I think it boggles the mind of a healer.  Creates some sort of shock.  For truly, it goes against nature.  Everything in nature responds to healing.  Wants to get back to it's natural way of being.  Hell, at the very least, even recognizes, instinctively, what it's natural way is

That bird I saved years ago wanted to fly again.  I knew he did.  He knew his wing was broken, knew that something was broken, and worked with me to heal himself.  I think he knew I wanted what he wanted...to fly again.  To be in his natural environment.  He heard the call, the song of his feathered friends, and longed to go back to them, be a part of them again.  

That bird didn't hold tightly to his broken wing, defending the wound, making himself right about how he couldn't fly anymore.  Bless his heart, he just kept tryin'!  He never gave up.  He got tired, weary from the work, but I didn't feel him ever give up.  He never quit until he flew again.  And he wouldn't have flown again without me.  He had help, and received it. 

But humans...How could someone not want to be healed?  What was that in them that resisted, refused, and rebelled against healing?  How could they not want to go back to what is natural? 

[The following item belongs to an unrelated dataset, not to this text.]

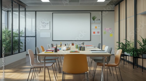 Modern conference room with a large table, chairs, and a screen, perfect for meetings and presentations in a professional setting.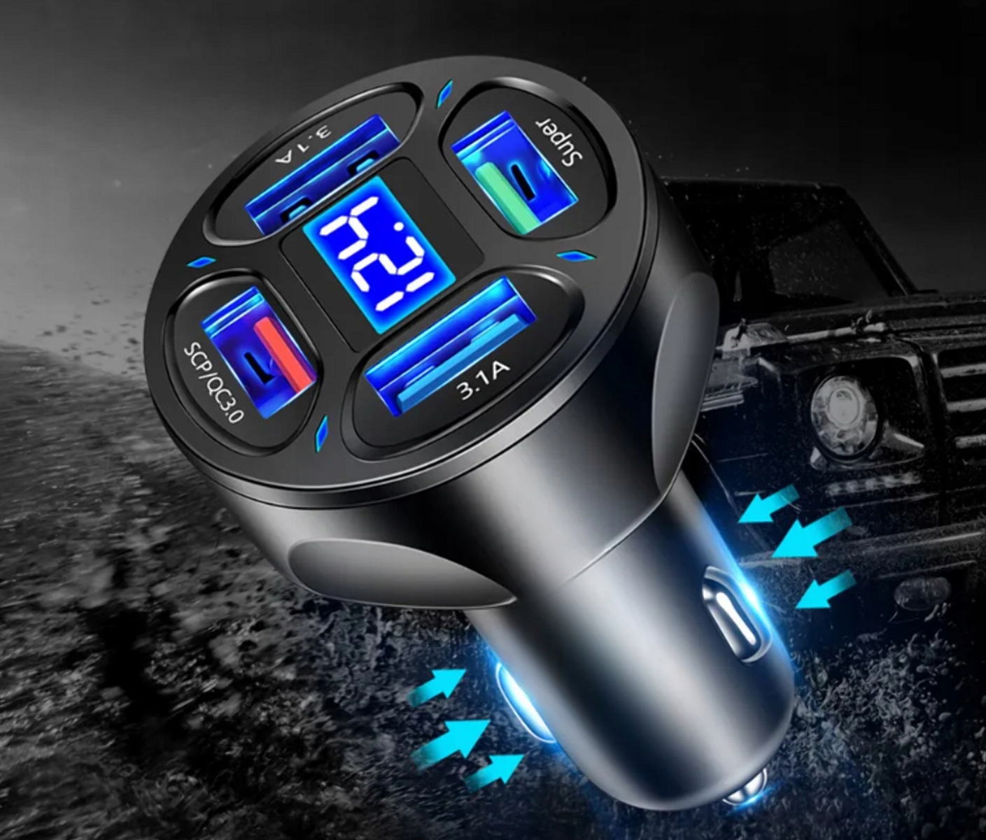 КОМПЛЕКТ БЫСТРОГО АВТОМОБИЛЬНОГО ЗАРЯДНОГО УСТРОЙСТВА 4XUSB 7A + КАБЕЛЬ 3 В 1

That wall.  It is that wall my mother and I bumped up against...again and again.  That resistant thing that will not forgive.  That prideful thing that will refuse help.  That refuses to see, or even admit they even need help, because needing help is seen as weak. 

We get nowhere without help.  I would be nowhere without help.  All those people that my mother helped heal would not be anywhere without help. 

That disappointment was directed right at mankind.  Because this is what I saw...a difference.  Even an indifference.  And my heart didn't know what to do with what I saw.  My mind didn't know how to reconcile such a discordance with nature.  Man could choose...and wasn't. 

*~*~*

The bird wanted to fly again.  Humans did not want to rise again, choosing again and again to hold onto their wounds, under their own free will.  That was the supreme difference.  Simply...unwillingness.